"Choix des âmes (Le)", de Stéphane Titeca
Écrit par Jean-Michel GAUTIER   
27-07-2017

"Choix des âmes (Le)", de Stéphane TitecaLa Luna, 1 rue Séverine à 15h45

Ils sont deux, deux soldats de la première guerre mondiale chacun de son côté à proximité des tranchées, le Français dit à sa mère, à qui il écrit, qu'il est là pour venger ses frères déjà tués au combat, sa haine farouche envers l'ennemi. L'Allemand dit à sa femme dans des lettres très tendres mais où il cache la misère dans laquelle il se trouve combien il l'aime. C'est un violoncelliste, pas un militaire.

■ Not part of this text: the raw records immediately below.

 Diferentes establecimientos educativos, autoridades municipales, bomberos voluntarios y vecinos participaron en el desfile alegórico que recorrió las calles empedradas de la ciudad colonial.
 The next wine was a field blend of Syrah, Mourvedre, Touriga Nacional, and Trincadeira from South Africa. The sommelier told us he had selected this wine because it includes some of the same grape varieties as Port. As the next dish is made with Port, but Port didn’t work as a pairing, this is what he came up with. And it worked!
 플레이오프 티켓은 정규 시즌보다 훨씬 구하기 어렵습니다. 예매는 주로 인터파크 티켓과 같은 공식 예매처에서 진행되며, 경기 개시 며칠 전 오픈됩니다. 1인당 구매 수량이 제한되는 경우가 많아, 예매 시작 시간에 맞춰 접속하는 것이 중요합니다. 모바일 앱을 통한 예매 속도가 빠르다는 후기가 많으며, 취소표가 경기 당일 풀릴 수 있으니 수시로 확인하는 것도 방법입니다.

Ils n'ont rien en commun, l'un est de la campagne, il s'occupait de la ferme familiale, l'autre de la ville, il a voyagé, fait des concerts...

Soudain une explosion et les voilà tous deux au fond d' un trou d'obus, l'Allemand est armé et blesse le Français à la jambe, mais il ne veut pas le tuer, ils ont besoin l'un de l'autre pour sortir... ils vont essayer de cohabiter autour du violoncelle de fortune fabriqué par l'Allemand. Il vont peu à peu oublier leurs peurs, mettre de côté leur haine, essayer de construire une espèce de vie au milieu des troupes dans leur trou dont ils n'arrivent pas à s'extraire.

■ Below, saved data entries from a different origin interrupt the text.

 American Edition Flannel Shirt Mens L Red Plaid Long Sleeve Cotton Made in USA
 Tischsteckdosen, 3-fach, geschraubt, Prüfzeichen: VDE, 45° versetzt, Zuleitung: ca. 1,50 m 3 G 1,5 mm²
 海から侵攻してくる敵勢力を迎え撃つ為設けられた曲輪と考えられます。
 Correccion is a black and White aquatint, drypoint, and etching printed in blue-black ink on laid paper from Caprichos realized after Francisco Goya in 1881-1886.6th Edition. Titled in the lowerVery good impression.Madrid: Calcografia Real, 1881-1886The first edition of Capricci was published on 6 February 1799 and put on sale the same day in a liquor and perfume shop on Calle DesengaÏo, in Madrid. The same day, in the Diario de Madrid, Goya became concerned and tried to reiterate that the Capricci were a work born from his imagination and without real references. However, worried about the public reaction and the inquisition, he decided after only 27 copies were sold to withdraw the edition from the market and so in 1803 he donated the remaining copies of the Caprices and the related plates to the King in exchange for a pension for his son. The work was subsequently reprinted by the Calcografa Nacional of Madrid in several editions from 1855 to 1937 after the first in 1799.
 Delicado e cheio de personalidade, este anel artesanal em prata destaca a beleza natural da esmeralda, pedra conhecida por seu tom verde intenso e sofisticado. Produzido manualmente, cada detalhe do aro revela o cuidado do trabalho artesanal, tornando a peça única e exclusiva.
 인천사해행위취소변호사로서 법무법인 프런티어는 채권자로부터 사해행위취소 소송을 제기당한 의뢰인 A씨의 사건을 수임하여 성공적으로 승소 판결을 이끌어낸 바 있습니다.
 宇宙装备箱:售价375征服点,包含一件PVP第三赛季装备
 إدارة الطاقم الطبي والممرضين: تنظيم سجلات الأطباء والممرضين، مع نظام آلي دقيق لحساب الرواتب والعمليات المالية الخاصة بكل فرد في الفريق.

C'est une belle fable où les hommes choisissent l'amour plutôt que la barbarie, où les hommes redeviennent humains dans cette guerre qui ne l'a jamais été.

Peu à peu le soldat allemand va humaniser le Français lui apprendre autre chose, lui qui ne sait rien de la vie à part sa ferme.

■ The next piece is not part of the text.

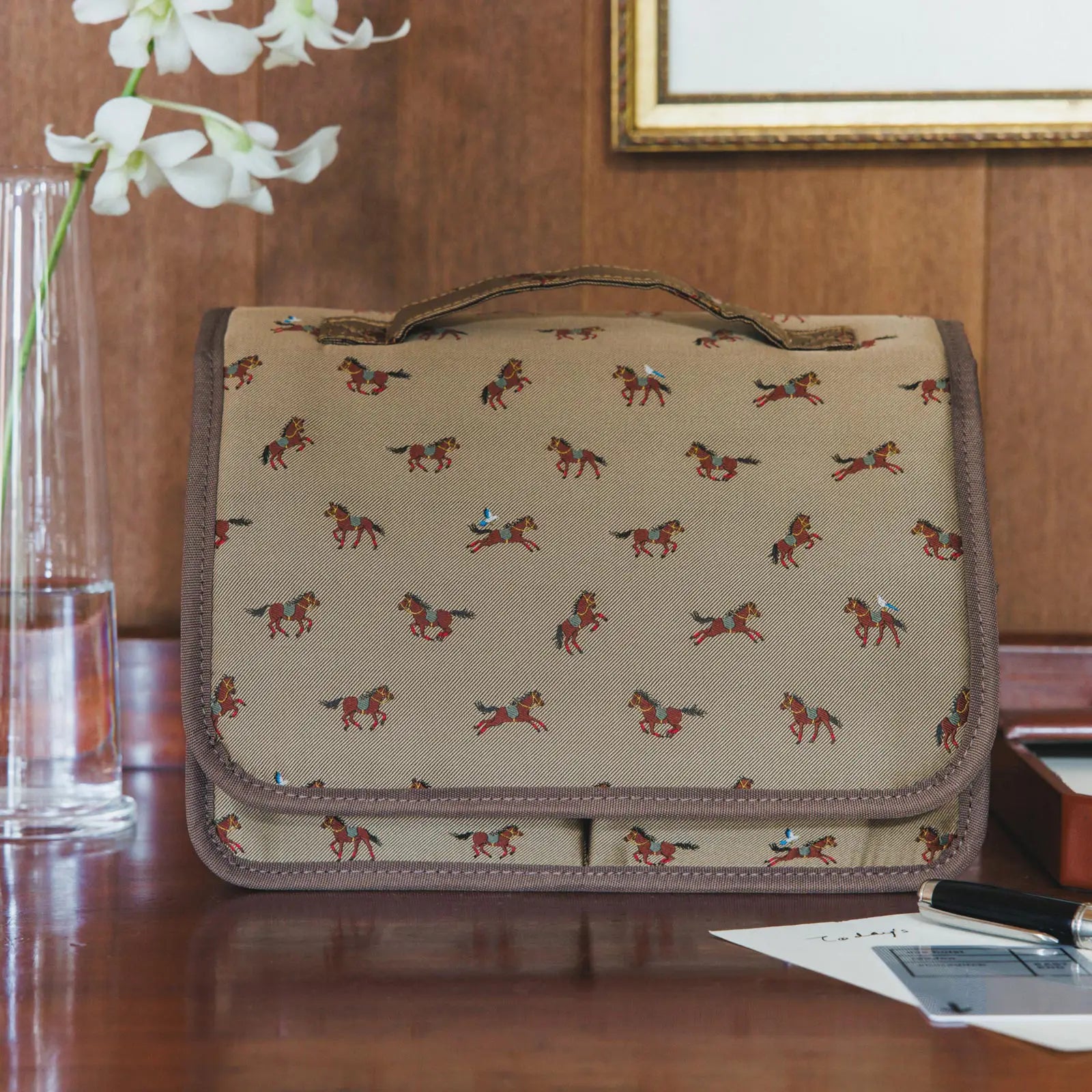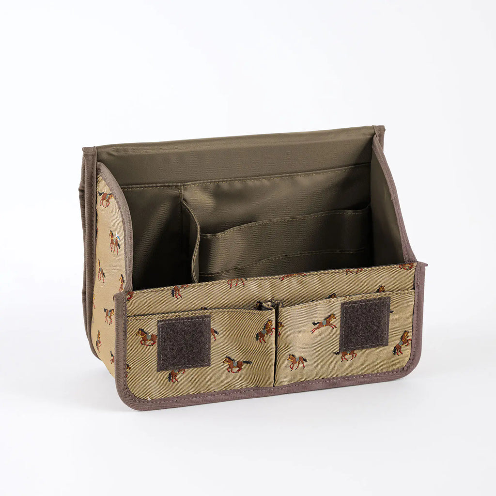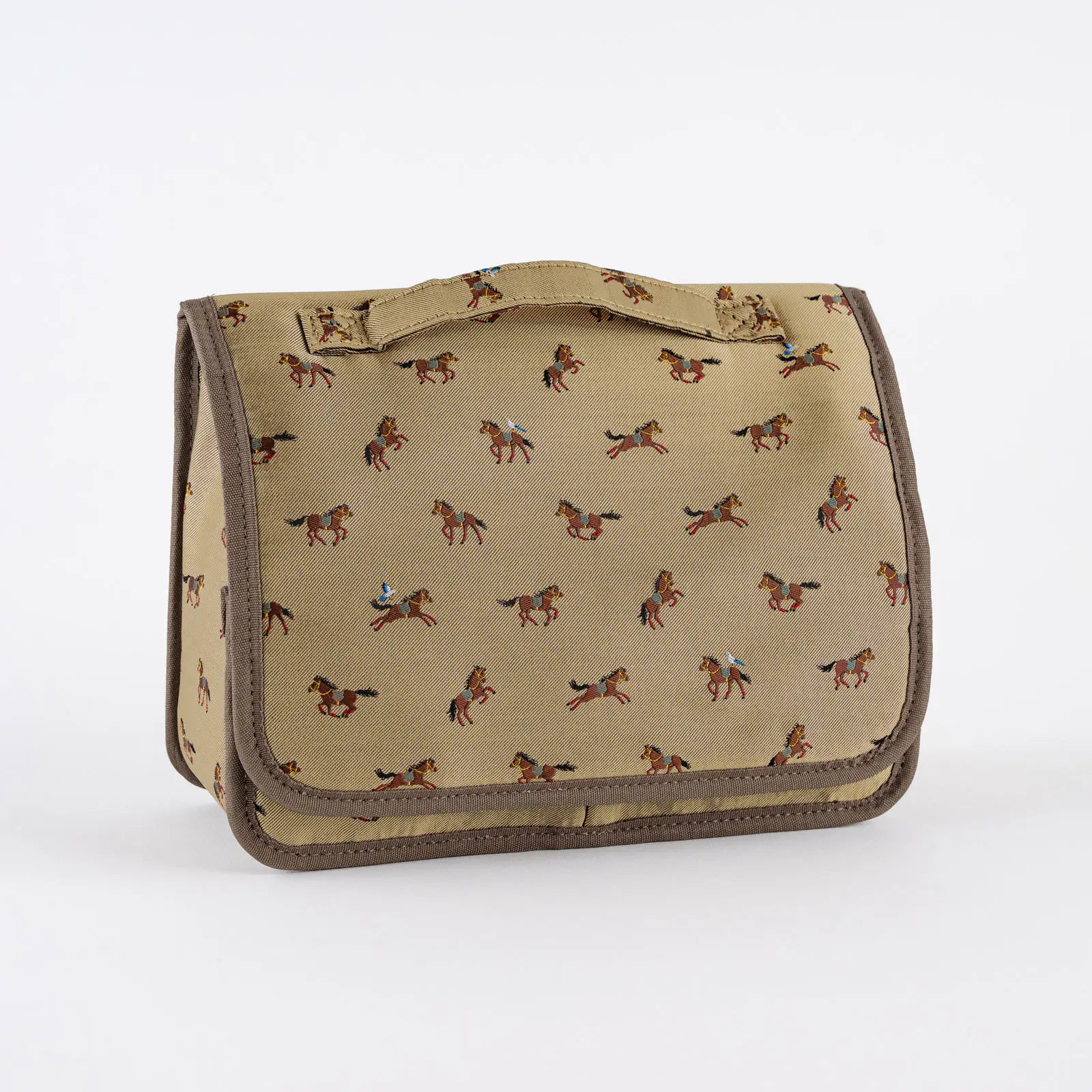 A variety of horses—some galloping, some walking—are woven into a chic beige background, and the flowing manes and tails add a sense of movement and energy. This design is paired with a dark brown interior.

On sent cette montée progressive, dans ce milieu absolument clos, cette montée des êtres au milieu du champ de bataille, du néant.

La scénographie de Danielle Marchal est fort belle, elle plante bien le sujet de façon très réaliste. Les lumières et l'ambiance sonore de Guillaume Druel sont sans faille. Tout est là pour recréer les éléments où le discours peut s'installer. Où derrière le soldat l'homme va prendre place et laisser de côté sa dépouille.

Une belle leçon d'humanité universelle et intemporelle.

Si la mise en scène est magnifique, les acteurs sont saisissants de vérité. Que ce soit Alexis Desseaux qui incarne un violoncelliste d'une belle grandeur d'âme ou Stéphane Titeca dans le rôle du paysan un peu demeuré. Ils sont magiques, on les suivrait encore longtemps tant leur jeu est merveilleux.

Un petit bijou, une belle découverte.

Avec Alexis Desseaux et Stéphane Titeca ; mise en scène Valérie Lesage ; scénographie Danielle Marchal ; ambiance sonore et lumières Guillaume Druel.